NEW YORK (Reuters) - Two out of three people in the United States with cancer that has spread to nearby tissue live at least five years after they are diagnosed, according to a federal study released on Thursday.

The U.S. Centers for Disease Control and Prevention tracked patients diagnosed from 2003 to 2010 and found that the overall five-year survival rate for invasive cancer was 65 percent. A goal of a federal program called Healthy People 2020 is to reach a rate of 71.7 percent.

Five-year survival rates were highest for patients aged 45 and younger at 81 percent and for those with prostate cancer, 97 percent, or female breast cancer, 88 percent.
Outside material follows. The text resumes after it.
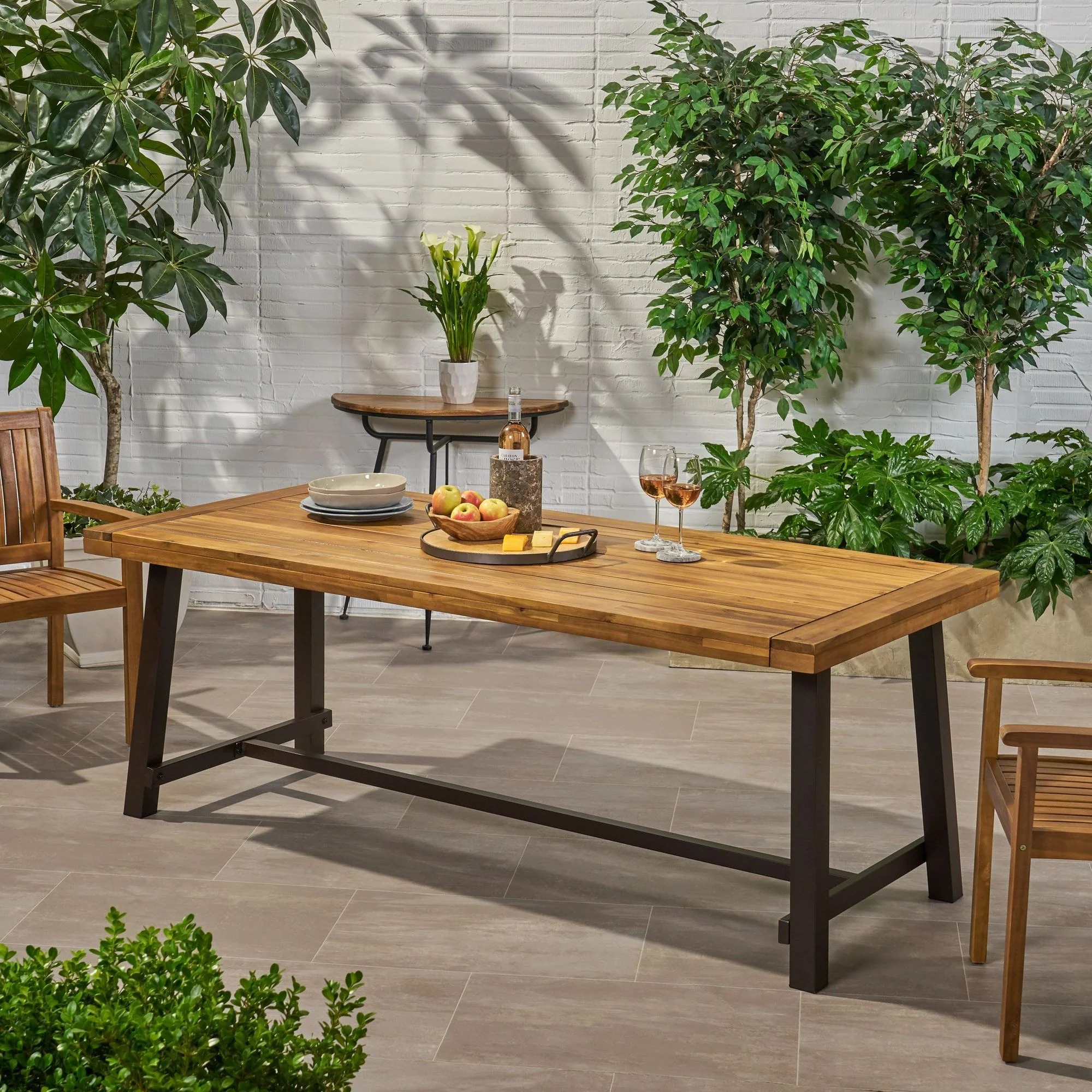 Modern Acacia Wood Outdoor Dining Table for 8 with Metal Frame

Invasive lung cancer, which often spreads to the brain or bones, had the lowest rate at 18 percent.

"Four decades ago, survival was about half at five years," Lisa Richardson, who directs the CDC's division of cancer prevention and control, told Reuters. "Over the years, the trends have been up, and I believe we're going to continue to see those trends."

She credited improved diagnostic tools and treatment for the improved survival rates.

Although therapies for some cancers have improved over the years, cancer epidemiologists warn that early diagnosis can produce a misleading view of survival rates. Even if tumors are detected when they are small, patients might not live to an older age than they would have if detection had happened later; they just live more years knowing they have cancer and are more likely to be counted as five-year survivors.

Richardson urged patients diagnosed with invasive cancer to work with their doctors to get appropriate treatment and screenings and to adopt healthy habits. "If they smoke, quit; maintain a healthy weight and exercise," she said.

Survival rates varied by race. Among black patients with invasive cancer, 60 percent survived at least five years, while 65 percent of white patients did.

The disparity, Richardson said, could be because black Americans have higher rates of chronic illnesses, such as type-2 diabetes, as well as less access to quality health care.